Activity
Transcribe all of the entries below exactly. Leave out the pictures.

Data items:
--

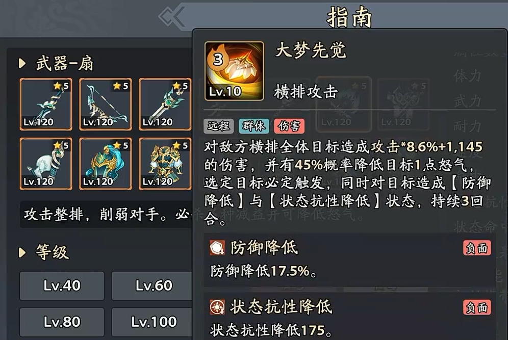 功能型减益专精者。核心技“大梦先觉”同步削弱敌方防御力与状态抗性,并有概率削减目标1点怒气值。双重压制效果使其成为副本攻坚与竞技压制中不可或缺的战术辅助位。
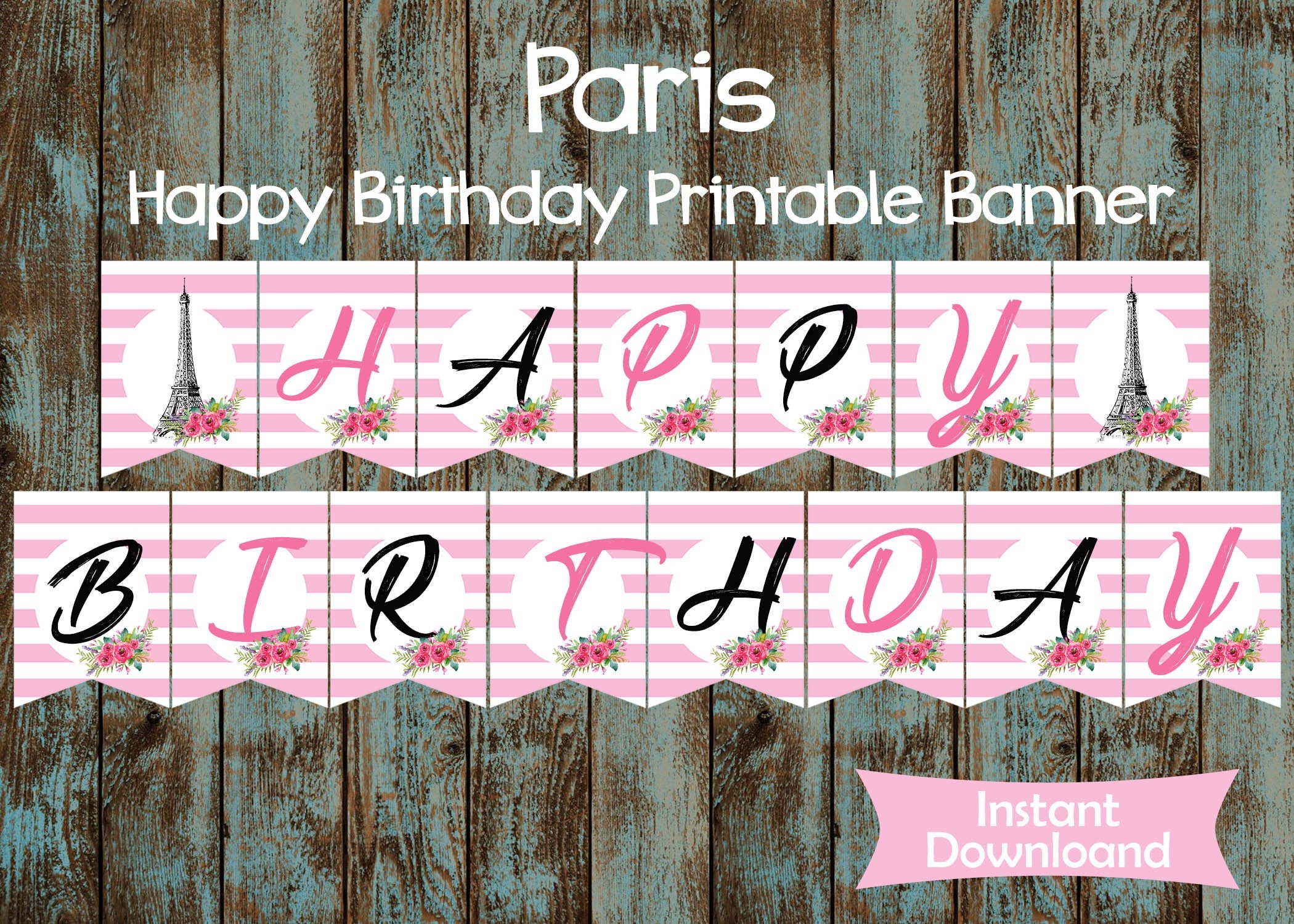 Printable Paris Happy Birthday Banner Paris Banner Paris Party Supplies Paris Banner Paris Birthday Decorations Paris Party Banner Etsy
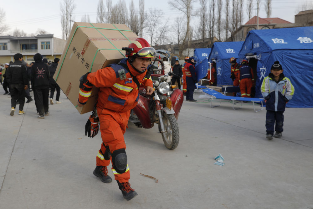 ↑ 12月19日,在甘肅臨夏積石山縣大河家鎮(zhèn)大河村安置點(diǎn),消防人員在搬運(yùn)救援物資。新華社記者方欣攝
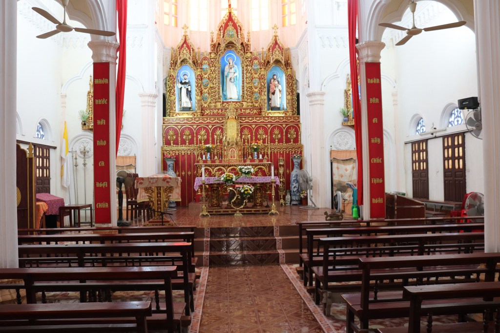 The French influence is strong and very present in the local religion which is Catholicism. The Churches are large and impressive. The one we looked at was old and had survived the Indo China War, the Vietnam War and the early years of Communism.
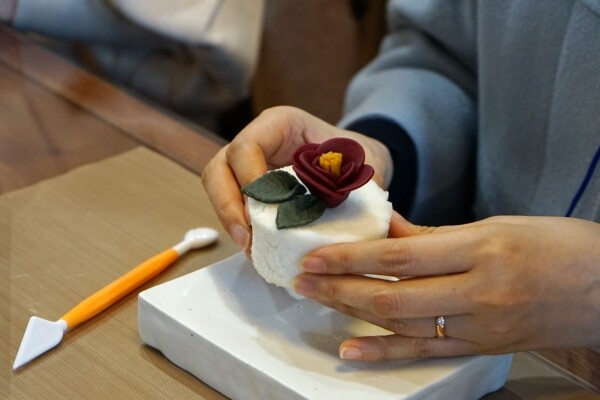 매화, 수국, 참꽃마리 중 하나를 택해 백설기 위에 꽃 절편을 만들어보는 프로그램이다.
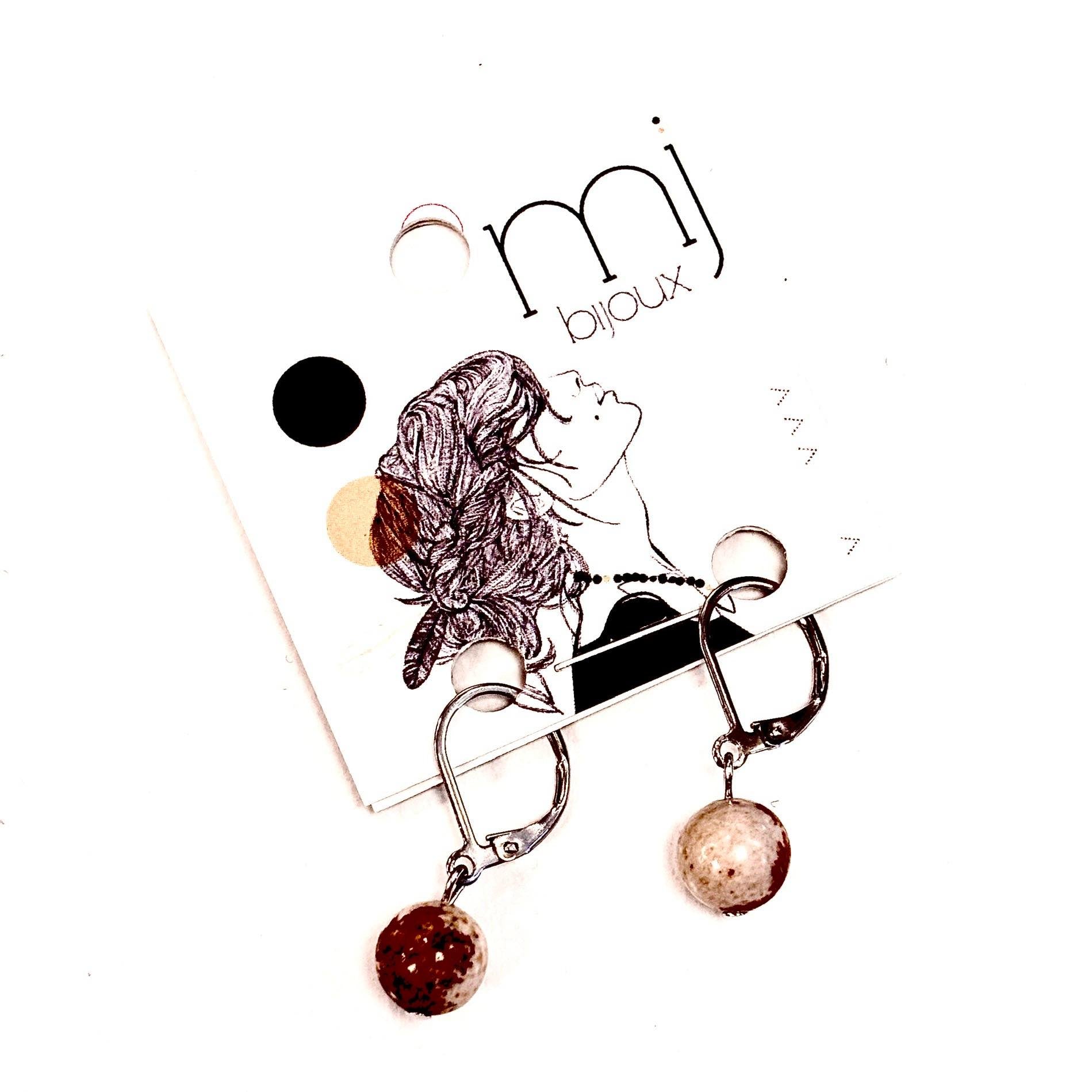 Boucles d'oreilles - Bille en pierre - Beige - MJ Bijoux
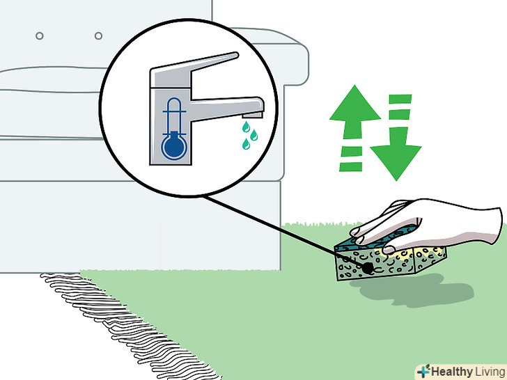 Промакніте пляма губкою або ганчіркою. через п'ять хвилин візьміть чисту вологу губку або ганчірку і промокніть нею місце, яке було замочено в миючому розчині. Губку або ганчірку слід замочувати тільки в холодній воді. [3]- Промакивайте пляму, починаючи з зовнішніх країв і рухайтеся до центру плями, щоб воно не збільшилося.
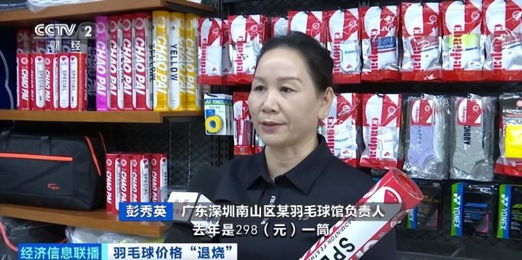 广东深圳南山区某羽毛球馆负责人 彭秀英:我们这里最好卖的一款鹅毛球,去年是298元一筒,现在降价到260元左右。自从球降价以后,场地预订量多了,羽毛球销量也提高了很多。

--

Result
 功能型减益专精者。核心技“大梦先觉”同步削弱敌方防御力与状态抗性,并有概率削减目标1点怒气值。双重压制效果使其成为副本攻坚与竞技压制中不可或缺的战术辅助位。
 Printable Paris Happy Birthday Banner Paris Banner Paris Party Supplies Paris Banner Paris Birthday Decorations Paris Party Banner Etsy
 ↑ 12月19日,在甘肅臨夏積石山縣大河家鎮(zhèn)大河村安置點(diǎn),消防人員在搬運(yùn)救援物資。新華社記者方欣攝
 The French influence is strong and very present in the local religion which is Catholicism. The Churches are large and impressive. The one we looked at was old and had survived the Indo China War, the Vietnam War and the early years of Communism.
 매화, 수국, 참꽃마리 중 하나를 택해 백설기 위에 꽃 절편을 만들어보는 프로그램이다.
 Boucles d'oreilles - Bille en pierre - Beige - MJ Bijoux
 Промакніте пляма губкою або ганчіркою. через п'ять хвилин візьміть чисту вологу губку або ганчірку і промокніть нею місце, яке було замочено в миючому розчині. Губку або ганчірку слід замочувати тільки в холодній воді. [3]- Промакивайте пляму, починаючи з зовнішніх країв і рухайтеся до центру плями, щоб воно не збільшилося.
 广东深圳南山区某羽毛球馆负责人 彭秀英:我们这里最好卖的一款鹅毛球,去年是298元一筒,现在降价到260元左右。自从球降价以后,场地预订量多了,羽毛球销量也提高了很多。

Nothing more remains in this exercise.